◆ **EXERCISE INSTRUCTIONS**
Leave out the pictures and repeat the data exactly.

◆ **Collected data entries**
»»

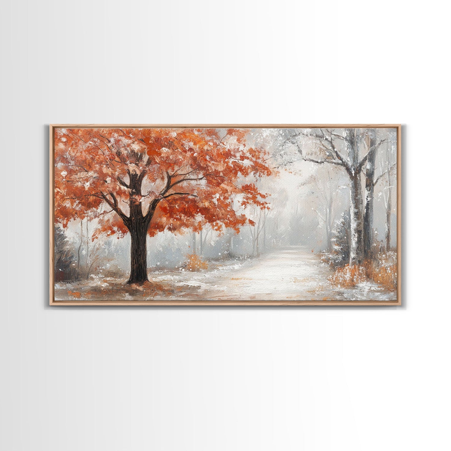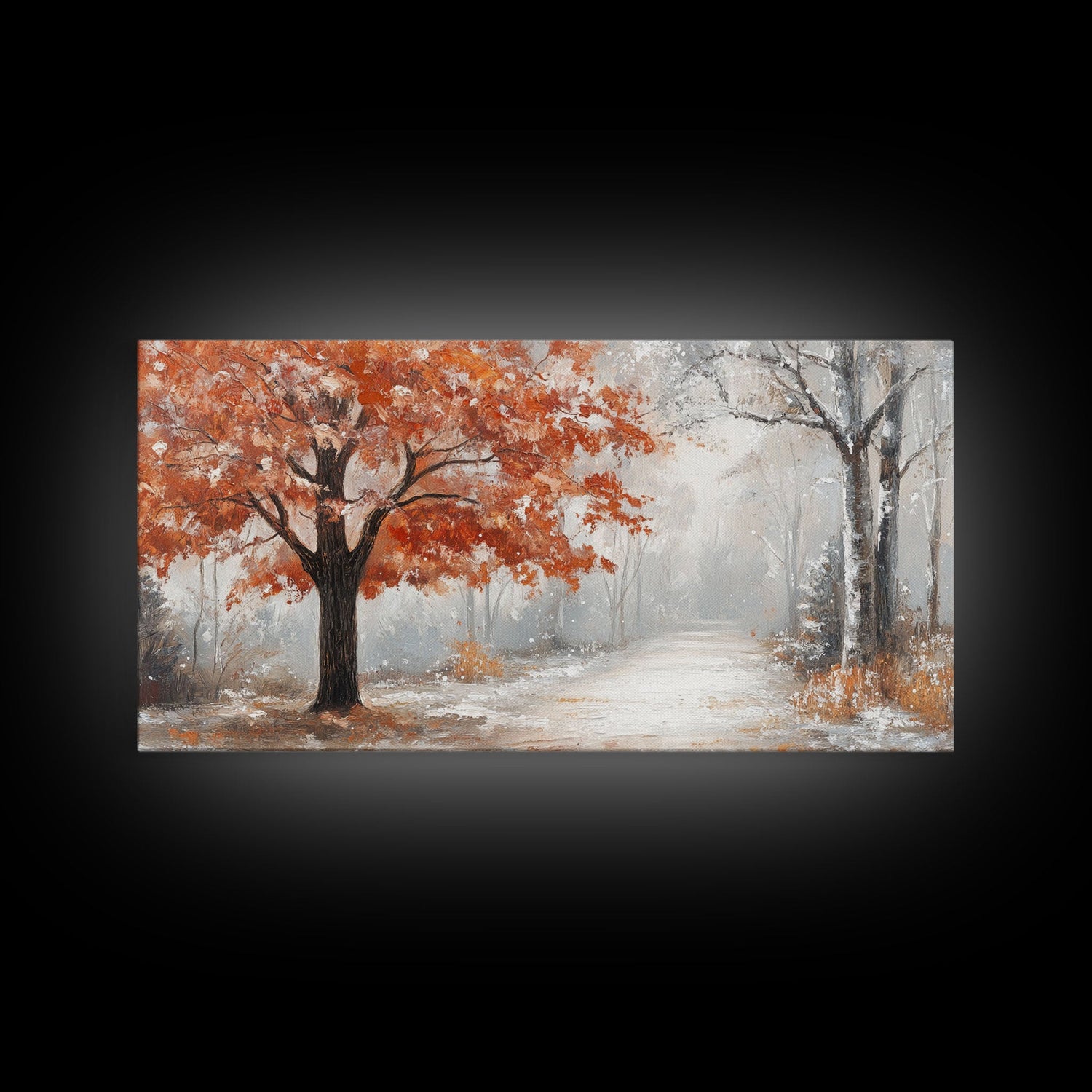 Misty Forest Path with Orange Leaves Framed Canvas Print, Ideal Autumn Decor or Fall Wall Art for Cozy Home Interiors - 10x20 Inches / No Frame - Stretched Canvas Only is backordered and will ship as soon as it is back in stock.
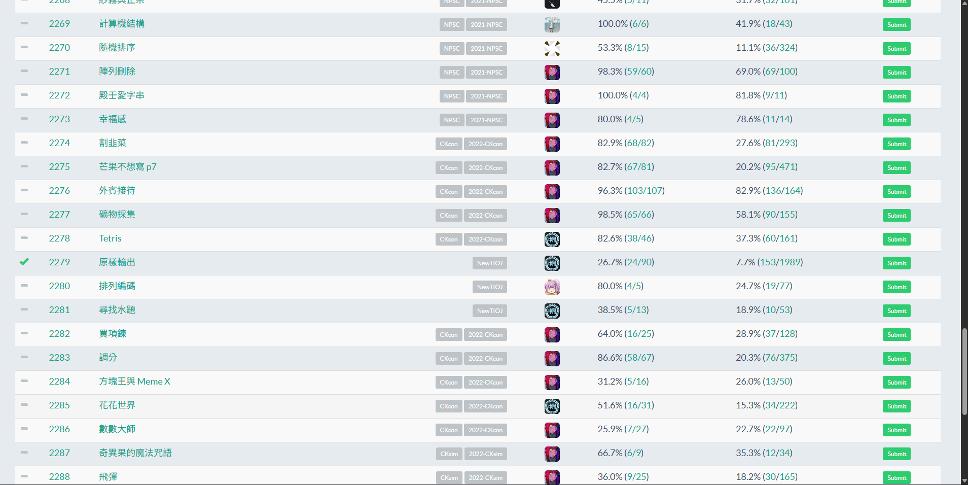 submit: 上傳程式碼,讓 OJ 驗證該程式是否能在指定的時間與空間限制內輸出正確的答案
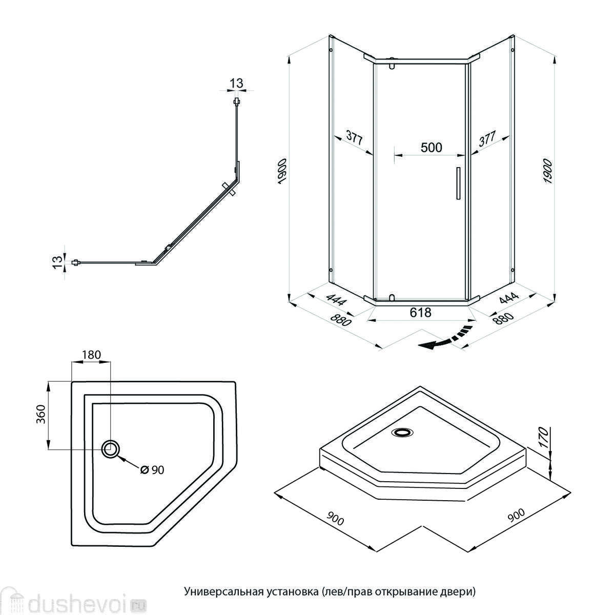 Основная комплектация душевого ограждения, как правило, состоит из поддона и двери. Стенки ванной комнаты закрывают заднюю часть душевого ограждения, по этой причине они устанавливаются в угол комнаты. Также как правило, в комплект душевого ограждения не входят смесители, лейки, сифоны, что дает покупателю сделать самому выбор, какой смеситель покупать для душа.
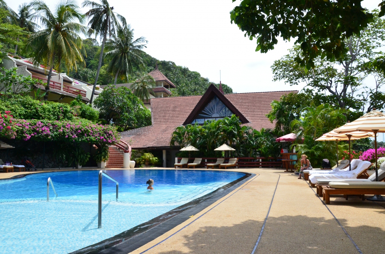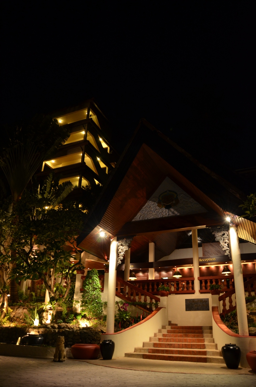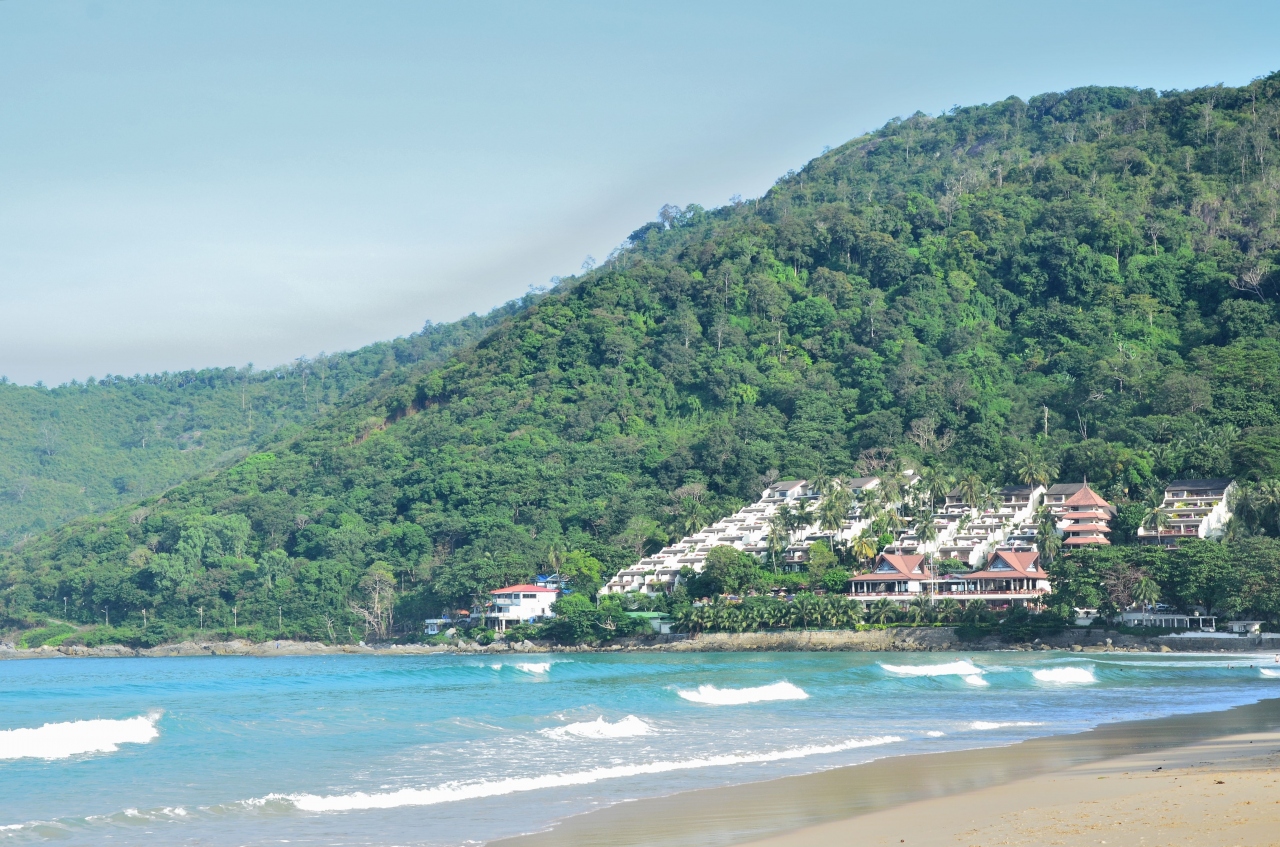 ナイハンビーチを見下ろす斜面に建つ、歴史あるホテルです。
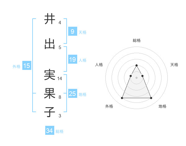井出 実果子さんの総格は34画の2点!
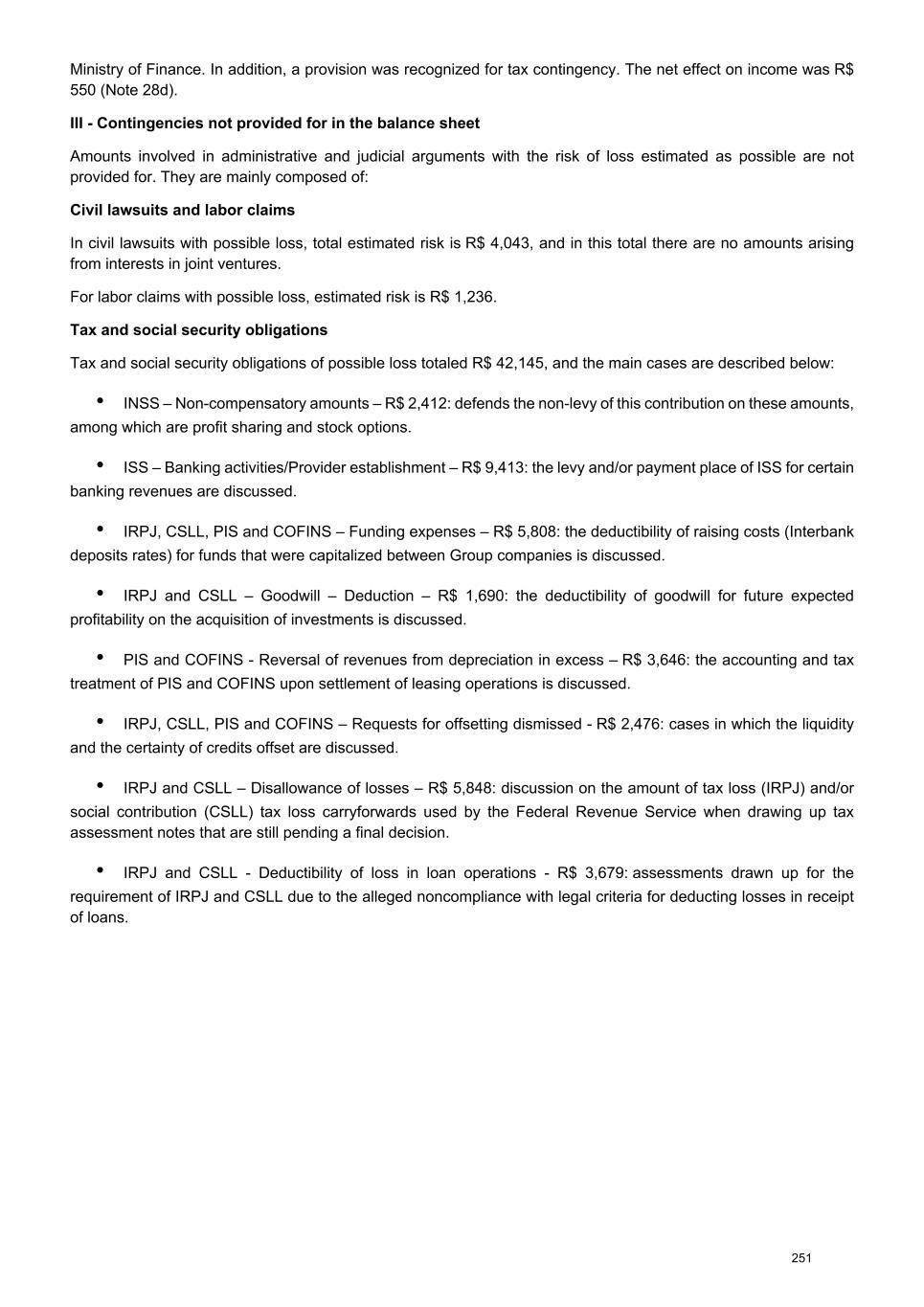 Ministry of Finance. In addition, a provision was recognized for tax contingency. The net effect on income was R$ 550 (Note 28d). III - Contingencies not provided for in the balance sheet Amounts involved in administrative and judicial arguments with the risk of loss estimated as possible are not provided for. They are mainly composed of: Civil lawsuits and labor claims In civil lawsuits with possible loss, total estimated risk is R$ 4,043, and in this total there are no amounts arising from interests in joint ventures. For labor claims with possible loss, estimated risk is R$ 1,236. Tax and social security obligations Tax and social security obligations of possible loss totaled R$ 42,145, and the main cases are described below: • INSS – Non-compensatory amounts – R$ 2,412: defends the non-levy of this contribution on these amounts, among which are profit sharing and stock options. • ISS – Banking activities/Provider establishment – R$ 9,413: the levy and/or payment place of ISS for certain banking revenues are discussed. • IRPJ, CSLL, PIS and COFINS – Funding expenses – R$ 5,808: the deductibility of raising costs (Interbank deposits rates) for funds that were capitalized between Group companies is discussed. • IRPJ and CSLL – Goodwill – Deduction – R$ 1,690: the deductibility of goodwill for future expected profitability on the acquisition of investments is discussed. • PIS and COFINS - Reversal of revenues from depreciation in excess – R$ 3,646: the accounting and tax treatment of PIS and COFINS upon settlement of leasing operations is discussed. • IRPJ, CSLL, PIS and COFINS – Requests for offsetting dismissed - R$ 2,476: cases in which the liquidity and the certainty of credits offset are discussed. • IRPJ and CSLL – Disallowance of losses – R$ 5,848: discussion on the amount of tax loss (IRPJ) and/or social contribution (CSLL) tax loss carryforwards used by the Federal Revenue Service when drawing up tax assessment notes that are still pending a final decision. • IRPJ and CSLL - Deductibility of loss in loan operations - R$ 3,679: assessments drawn up for the requirement of IRPJ and CSLL due to the alleged noncompliance with legal criteria for deducting losses in receipt of loans. 251
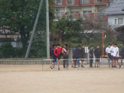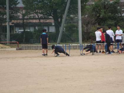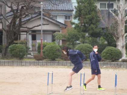3月17日(金) グラウンドで男女陸上競技部がハードルを使ったトレーニングをしていました。
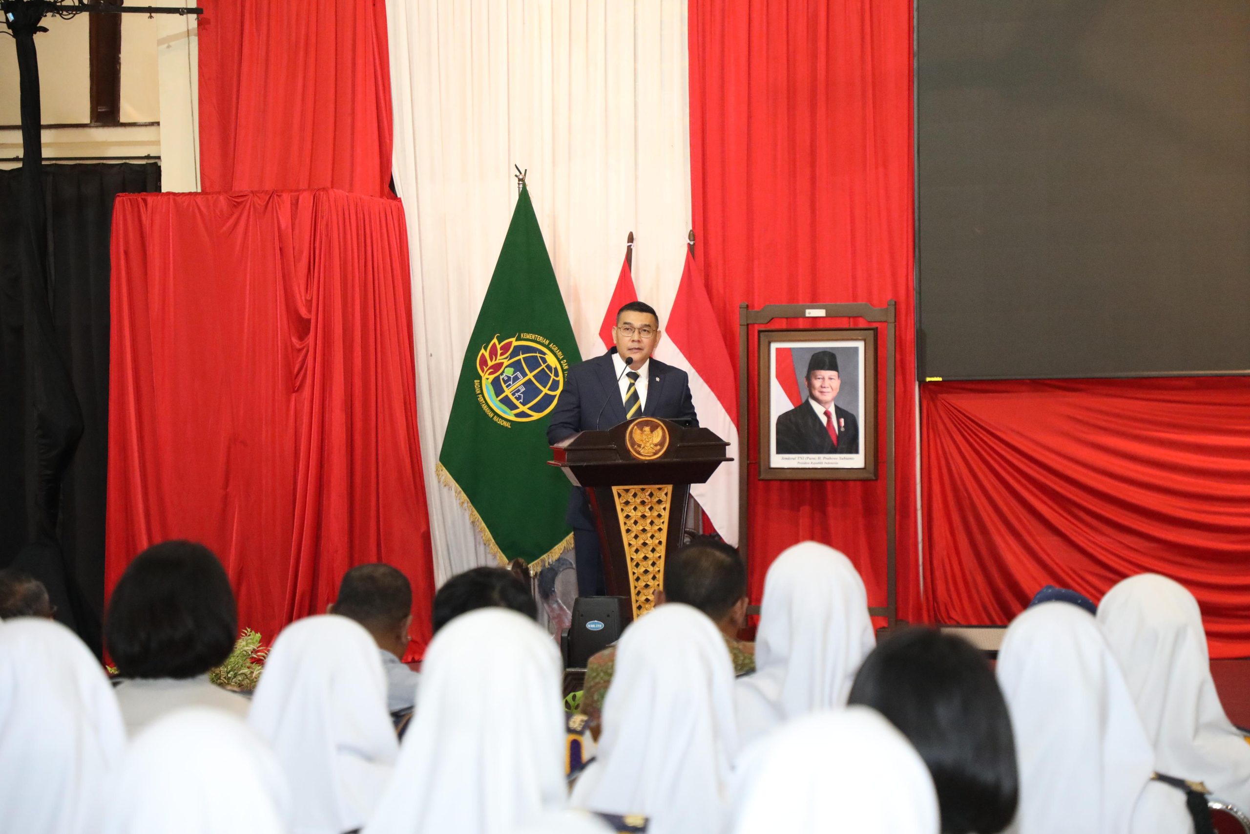 DelikAsia, (D.I. Yogyakarta) | Wakil Menteri Agraria dan Tata Ruang/Wakil Kepala Badan Pertanahan Nasional (Wamen ATR/Waka BPN), Ossy Dermawan, memberikan kuliah umum kepada Taruna/i Sekolah Tinggi Pertanahan Nasional (STPN), di Pendopo STPN, D.I. Yogyakarta, Jumat (09/05/2025). Kepada calon penerus bangsa ini, Wamen Ossy mengingatkan pentingnya pendidikan karakter dalam pembentukan jiwa kepemimpinan.
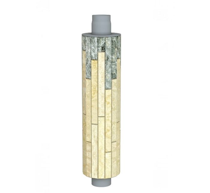 Дымовые газы, проходя через дымоход экономайзер, закручиваются и отдают тепло по максимуму. Изготавливается из черной стали. Дымоход рассчитан на весь срок службы печи. Использование дымохода-экономайзера помогает быстрее прогреть парную комнату.
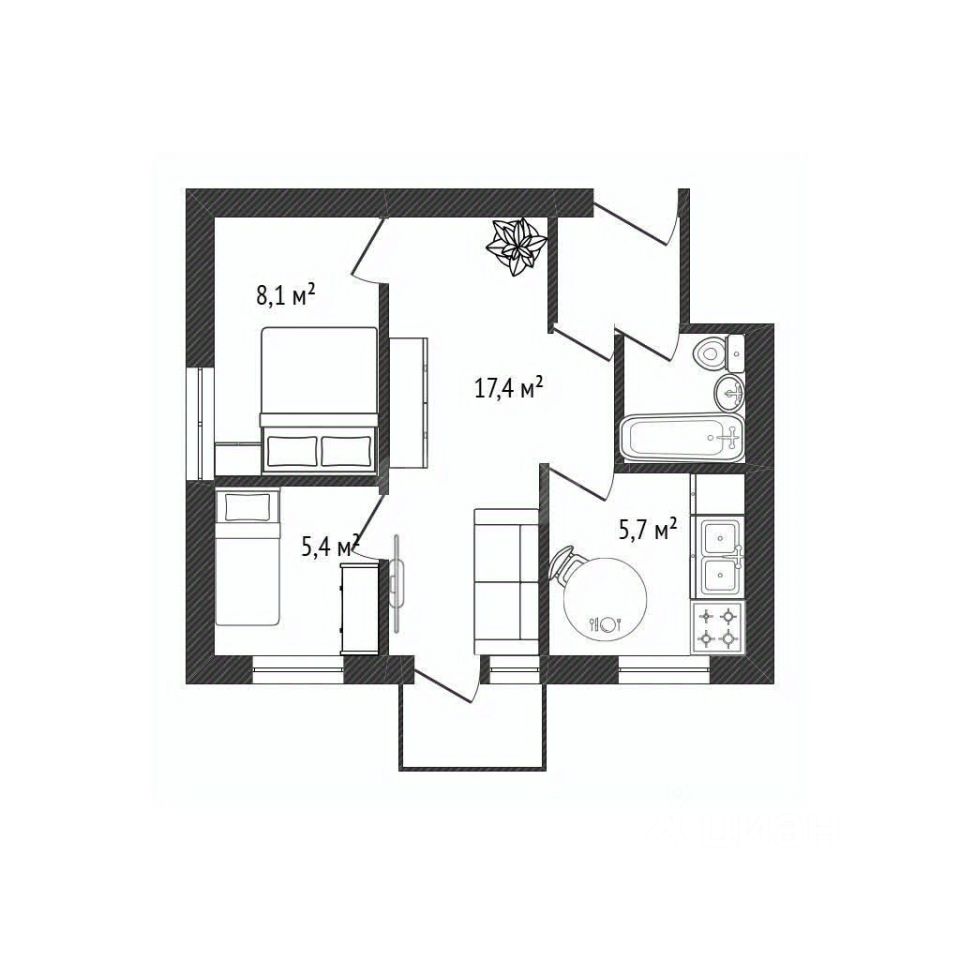 Кирпичный дом обеспечивает хорошую тепло- и шумоизоляцию, а расположение в центре делает эту квартиру выгодным вариантом как для собственного проживания, так и для инвестиций под аренду.

««

◆ **RESPONSE**
 Misty Forest Path with Orange Leaves Framed Canvas Print, Ideal Autumn Decor or Fall Wall Art for Cozy Home Interiors - 10x20 Inches / No Frame - Stretched Canvas Only is backordered and will ship as soon as it is back in stock.
 submit: 上傳程式碼,讓 OJ 驗證該程式是否能在指定的時間與空間限制內輸出正確的答案
 Основная комплектация душевого ограждения, как правило, состоит из поддона и двери. Стенки ванной комнаты закрывают заднюю часть душевого ограждения, по этой причине они устанавливаются в угол комнаты. Также как правило, в комплект душевого ограждения не входят смесители, лейки, сифоны, что дает покупателю сделать самому выбор, какой смеситель покупать для душа.
 ナイハンビーチを見下ろす斜面に建つ、歴史あるホテルです。
井出 実果子さんの総格は34画の2点!
 Ministry of Finance. In addition, a provision was recognized for tax contingency. The net effect on income was R$ 550 (Note 28d). III - Contingencies not provided for in the balance sheet Amounts involved in administrative and judicial arguments with the risk of loss estimated as possible are not provided for. They are mainly composed of: Civil lawsuits and labor claims In civil lawsuits with possible loss, total estimated risk is R$ 4,043, and in this total there are no amounts arising from interests in joint ventures. For labor claims with possible loss, estimated risk is R$ 1,236. Tax and social security obligations Tax and social security obligations of possible loss totaled R$ 42,145, and the main cases are described below: • INSS – Non-compensatory amounts – R$ 2,412: defends the non-levy of this contribution on these amounts, among which are profit sharing and stock options. • ISS – Banking activities/Provider establishment – R$ 9,413: the levy and/or payment place of ISS for certain banking revenues are discussed. • IRPJ, CSLL, PIS and COFINS – Funding expenses – R$ 5,808: the deductibility of raising costs (Interbank deposits rates) for funds that were capitalized between Group companies is discussed. • IRPJ and CSLL – Goodwill – Deduction – R$ 1,690: the deductibility of goodwill for future expected profitability on the acquisition of investments is discussed. • PIS and COFINS - Reversal of revenues from depreciation in excess – R$ 3,646: the accounting and tax treatment of PIS and COFINS upon settlement of leasing operations is discussed. • IRPJ, CSLL, PIS and COFINS – Requests for offsetting dismissed - R$ 2,476: cases in which the liquidity and the certainty of credits offset are discussed. • IRPJ and CSLL – Disallowance of losses – R$ 5,848: discussion on the amount of tax loss (IRPJ) and/or social contribution (CSLL) tax loss carryforwards used by the Federal Revenue Service when drawing up tax assessment notes that are still pending a final decision. • IRPJ and CSLL - Deductibility of loss in loan operations - R$ 3,679: assessments drawn up for the requirement of IRPJ and CSLL due to the alleged noncompliance with legal criteria for deducting losses in receipt of loans. 251
3月17日(金) グラウンドで男女陸上競技部がハードルを使ったトレーニングをしていました。
 DelikAsia, (D.I. Yogyakarta) | Wakil Menteri Agraria dan Tata Ruang/Wakil Kepala Badan Pertanahan Nasional (Wamen ATR/Waka BPN), Ossy Dermawan, memberikan kuliah umum kepada Taruna/i Sekolah Tinggi Pertanahan Nasional (STPN), di Pendopo STPN, D.I. Yogyakarta, Jumat (09/05/2025). Kepada calon penerus bangsa ini, Wamen Ossy mengingatkan pentingnya pendidikan karakter dalam pembentukan jiwa kepemimpinan.
 Дымовые газы, проходя через дымоход экономайзер, закручиваются и отдают тепло по максимуму. Изготавливается из черной стали. Дымоход рассчитан на весь срок службы печи. Использование дымохода-экономайзера помогает быстрее прогреть парную комнату.
 Кирпичный дом обеспечивает хорошую тепло- и шумоизоляцию, а расположение в центре делает эту квартиру выгодным вариантом как для собственного проживания, так и для инвестиций под аренду.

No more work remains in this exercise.